Despite what he called the budget uncertainties, the delays caused by the continuing resolutions (CRs) and the debt-ceiling flap, URS Corp. had a good year overall, Wotring said.

“It’s the uncertainty of what’s going on and not having a clear line of sight into how the budget issues get resolved,” said Kevin Parker, president and CEO of Deltek Inc., a provider of enterprise software and information solutions to government contractors.

“We’re seeing a variety of reactions,” he said. “We know of some customers that have had very successful years. And if they’re in the right agency with the right contract vehicle, they feel pretty good about their prospects for the future. On other occasions, people have lost contracts or contracts have been delayed and they’re feeling a great deal of pressure.”

“I think people would really appreciate some certainty and some direction so they’d know how to plan,” he said.

That also applies to government agencies where the emphasis on insourcing waned in fiscal 2011. “Particularly with the budget uncertainty, they’re not as aggressively bringing people upstream into the agencies as they were historically,” he said.

CEO Joe Moye of Capgemini Government Services, a relative newcomer to the federal market, said his company grew but faced challenges .

“We’ll do shy of $70 million in [government] revenue this year. We started from a base of $20 million two years ago so we’ve grown pretty substantially,” said Moye.

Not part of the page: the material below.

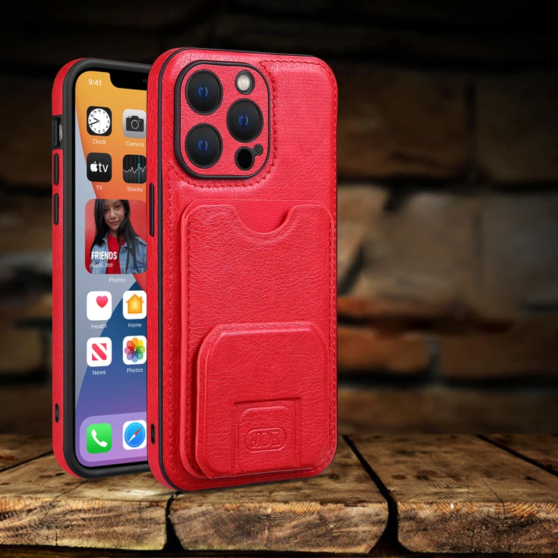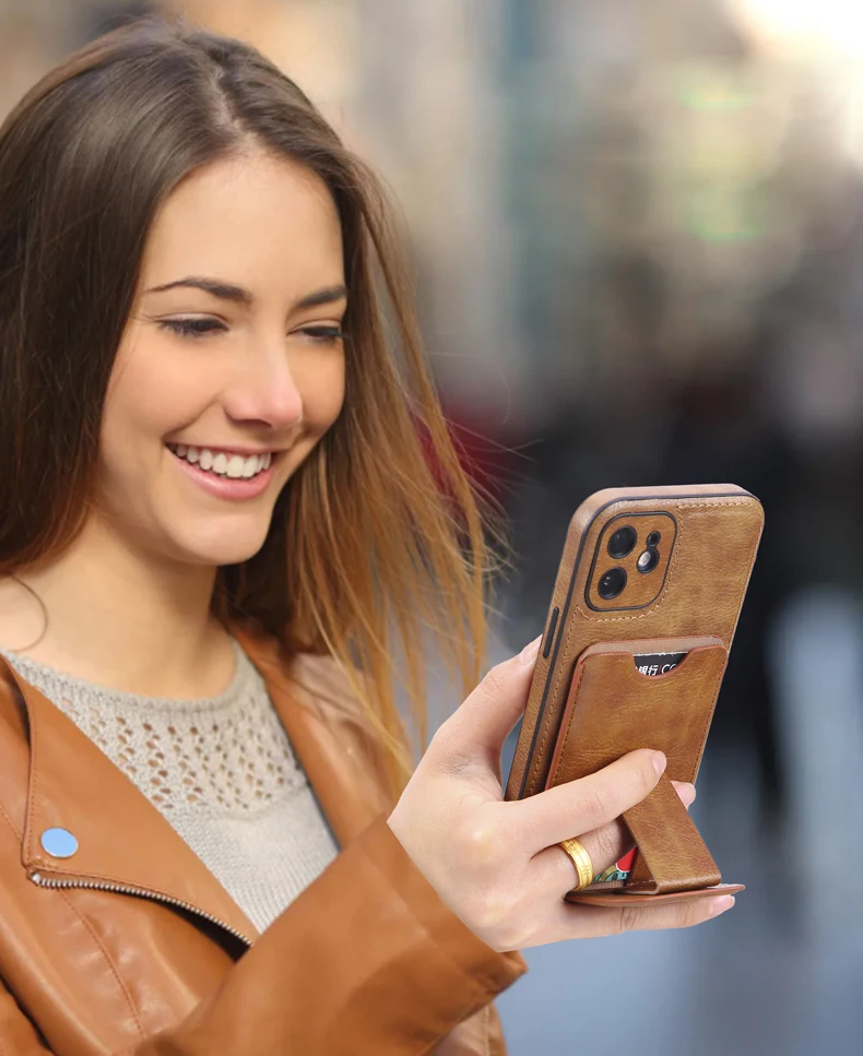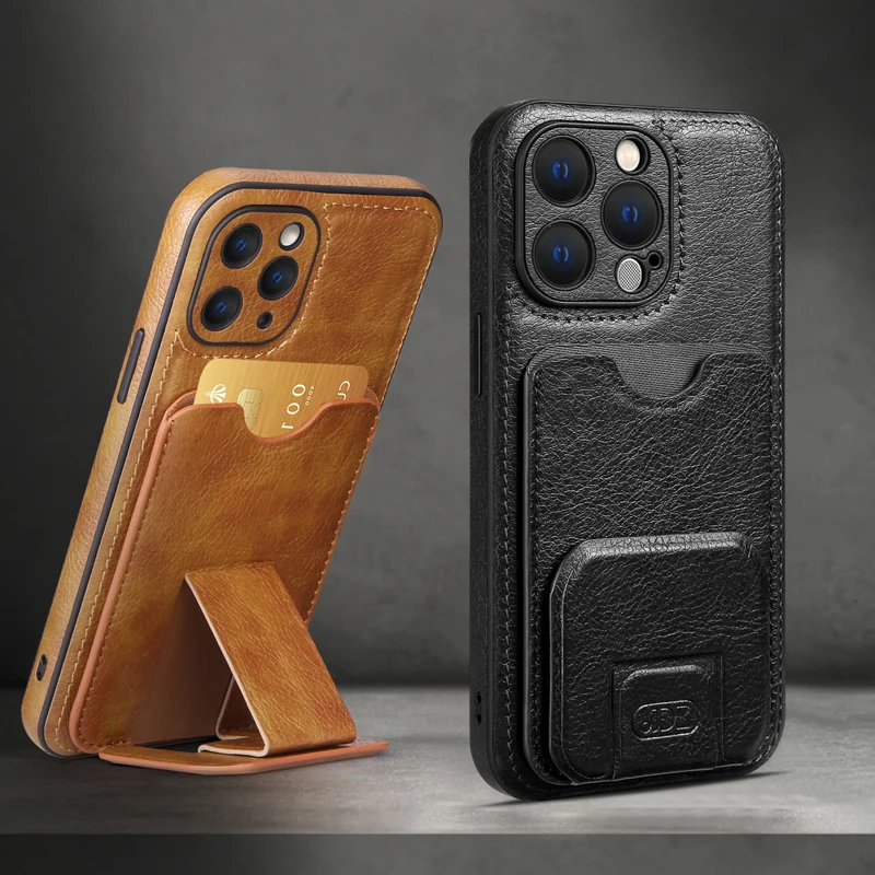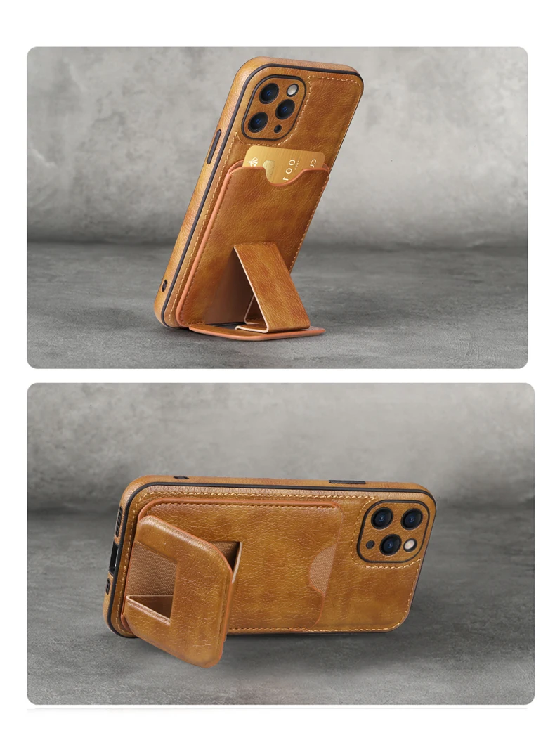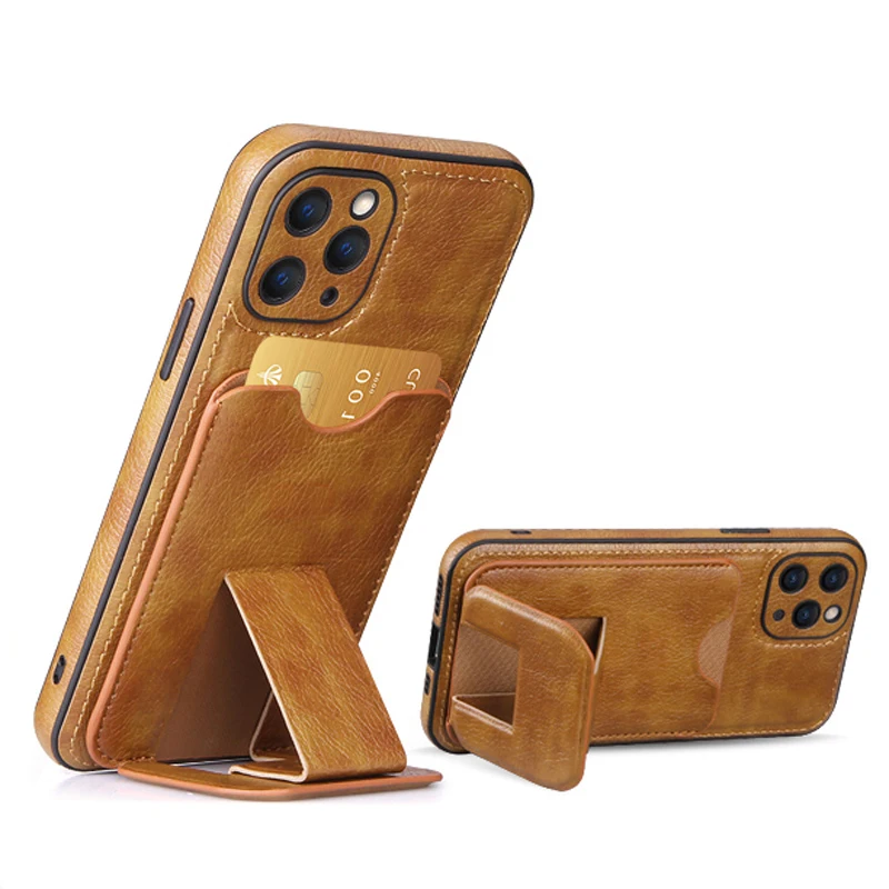 PU Leather Ultra Thin Camera Protection KickStand Card Slot Case for iPhone 14 13 12 series

Nevertheless, he called fiscal 2011 a difficult year. “It was difficult in the sense that we’re not achieving the growth we had hoped, but we’ve still grown 25 percent,” he said.

Moye said the congressional battles over the continuing resolutions had more of a negative effect on the company’s bottom line than the budget constraints did because “when you’re in growth mode versus sustain mode, we didn’t have all the contracts that were just going to continue to feed us. So it hurt our growth a little bit.”